I'm really as much discussing how human mathematicians can trust mathematics as I am how AIs can trust mathematics - when we have all that Gödel and Löb and Tarski stuff flying around, some people are tempted to say "Oh, mathematics can't really prove things, therefore not-Platonism and not-infinities", which I think is a mistake.

Comment author: Zetetic 31 December 2011 04:10:45AM 3 points [-]

I might be misunderstanding you, but it looks like you're just describing fragments of infinitary logic which has a pretty solid amount of research behind it. Barwise actually developed a model theory for it, you can find a (slightly old) overview here (in part C).

Infinitary logic admits precisely what you're talking about. For instance; it models sentences with universal and existential quantifiers in N using conjunctions and disjunctions (respectively) over the index ω.

As far as

when we have all that Gödel and Löb and Tarski stuff flying around, some people are tempted to say "Oh, mathematics can't really prove things, therefore not-Platonism and not-infinities", which I think is a mistake.

I don't think the results of Gödel, Löb and Tarski are necessary to conclude that Platonism is at least pretty questionable. I don't know where the "mathematics can't really prove things" bit is coming from - we can prove things in mathematics, and I've never really seen people claim otherwise. Are you implicitly attributing something like Absolute Truth to proofs?

Anyway, I've been thinking about a naturalistic account of anti-realism for a little while. I'm not convinced it's fruitful, but Platonism seems totally incomprehensible to me anymore. I can't see a nice way for it to mesh with what I know about brains and how we form concepts - and the accounts I read can't give any comprehensible account of what exactly the Platonic realm is supposed to be, nor how we access it. It looks like a nice sounding fiction with a big black box called the Platonic realm that everything we can't really explain gets stuck into. Nor can I give any kind of real final account of my view of mathematics, because it would at least require some new neuroscience (which I mention in that link).

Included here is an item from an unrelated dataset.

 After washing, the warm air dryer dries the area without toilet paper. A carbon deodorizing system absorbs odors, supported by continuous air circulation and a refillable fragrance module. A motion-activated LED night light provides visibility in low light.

I will say that I don't think that mathematics has any special connection with The Real Truth, and I also think that it's a terrible mistake to think that this is a problem. Truth is evidence based, we figure out the truth by examining our environment. We have extremely strong evidence that math performs well as a framework for organizing information and for reasoning predictively and counterfactually - that it works extremely well in modelling the world around us. I definitely don't think that it's reasonable to think that math grants us license to epistemic certainty.

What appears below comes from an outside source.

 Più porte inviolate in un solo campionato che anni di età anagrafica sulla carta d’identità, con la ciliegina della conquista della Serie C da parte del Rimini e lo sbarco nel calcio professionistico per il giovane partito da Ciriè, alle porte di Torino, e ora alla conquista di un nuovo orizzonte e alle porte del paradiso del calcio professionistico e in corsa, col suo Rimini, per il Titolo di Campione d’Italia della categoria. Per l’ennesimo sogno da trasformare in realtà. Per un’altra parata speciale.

I wouldn't mind being convinced otherwise, but I'd need an epistemically sound account of Platonism first. I don't find Tegmark to be super convincing, though I do like that he restricts the MUH to computable structures - but I'm also not sure if that strictly qualifies as Platonism like you seem to be using it. At the very least it gives a moderately constructive account of exactly what is being claimed, which is something I would require from any Platonic theory.

Comment author: Nisan 30 January 2012 07:48:56PM 3 points [-]

... up until now I thought "barwise" was a technical term.

Comment author: Zetetic 30 January 2012 11:08:34PM 1 point [-]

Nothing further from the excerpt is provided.